The phrasing in the press release uses the words: “appropriated funding,” which suggests to me that NASA wants these companies to find outside investors, similar to the early milestone of the COTS phase of the CRS (ISS commercial resupply) contracts. If this is the case, I suspect that NASA wants this type of funding in order to have business experts figure out whether a company is likely to remain solvent enough for the NASA contract to produce results. NASA understands the technical issues, but they are scientists and engineers, not business experts.
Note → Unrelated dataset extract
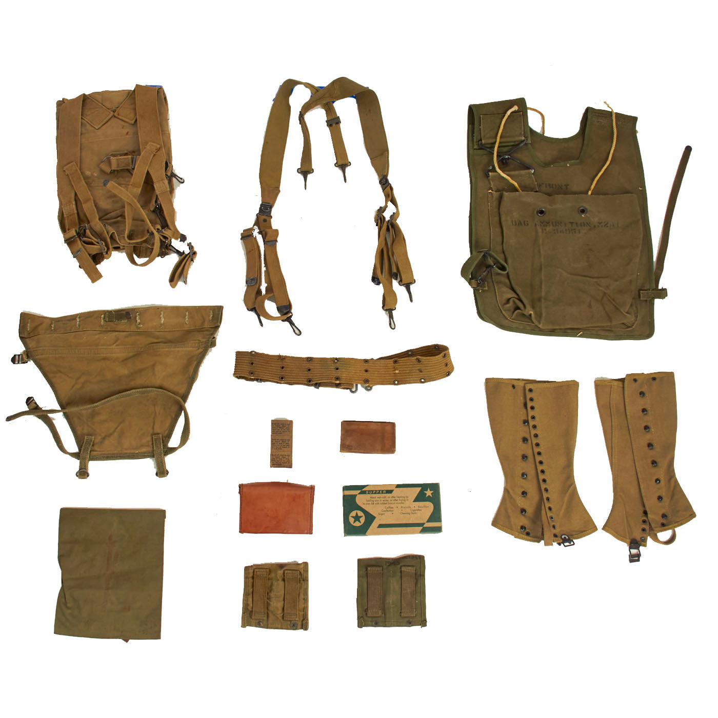 Original Items: Only One Lot of 13 Available. A one of a kind lot of nine WWII GI Field Gear pieces. All pieces except for the reproduction K-ration are in original, unmodified, condition, and show signs of honest use and storage wear that has accumulated over the last several decades. Most will have additional issue markings added at the arsenal or by the soldiers in various places.

Finding outside investors would help demonstrate the “partner’s ability to successfully bring the technology to market” part of NASA’s desired result for supporting these developments.
I noticed that Orbital Sciences (now Orbital ATK) was one of the contract recipients. I am a bit confused about this, as Orbital is a large enough company that I would have thought that they could have developed their proposed advanced materials on their own. A downside to accepting NASA money is that NASA may require that the technology become public domain far before a patent would expire, and that is against Orbital’s best interests. The only thing that I can think of for Orbital to accept the funding — and the conditions that come with it — is that the idea is not original to Orbital but is NASA’s idea, and Orbital has agreed to develop it.
This isn’t Orbital’s first contract with NASA’s Space Technology Mission Directorate (STMD) for developing a technology. Three months ago, they announced another:
https://www.orbitalatk.com/news-room/release.asp?prid=204
The other seven companies listed in the announcement are fairly small or are fairly young, and they may benefit greatly by having the technologies that these contracts help them develop, and as the press release noted these technologies should benefit NASA. The rest of the world will also benefit, and so will other component manufacturers once these technologies become public domain.
This announcement and these contracts tell me that at least part of NASA is serious about advancing the commercialization of space. The CRS and CCDev (commercial manned flights) were just the beginning. NASA has been helpful with providing information and knowledge to a large number of upstart startup NewSpace companies, and now it seems that NASA is also helpful in their technology development, especially where NASA sees that it can benefit from the technology.
https://www.nasa.gov/feature/opportunities-to-foster-commercial-space-technologies
This announcement may also tell investors that commercial space is not in competition with NASA but is in partnership with it.* This would be a signal to investors that it is safe to invest in commercial space, a signal that was not clear during the COTS phase of CRS, and this lack of clarity may have contributed to the demise of Kistler.
The nature of these technologies shows that NASA believes that the future of many satellites and spacecraft is to be smaller, not larger. “Large” may stop being the signature of unmanned satellites and become the domain of manned spacecraft.
* Robert has noted that another announcement, moving the first manned Orion flight to the first SLS test launch, may be NASA’s way of trying to “stay ahead” of the commercial competition in the manned space realm, even though the missions and abilities of NASA’s Orion spacecraft and the two commercial manned spacecraft are different. NASA’s “left hand” (government control of space access) may be working at odds with its “right hand” (developing commercial space).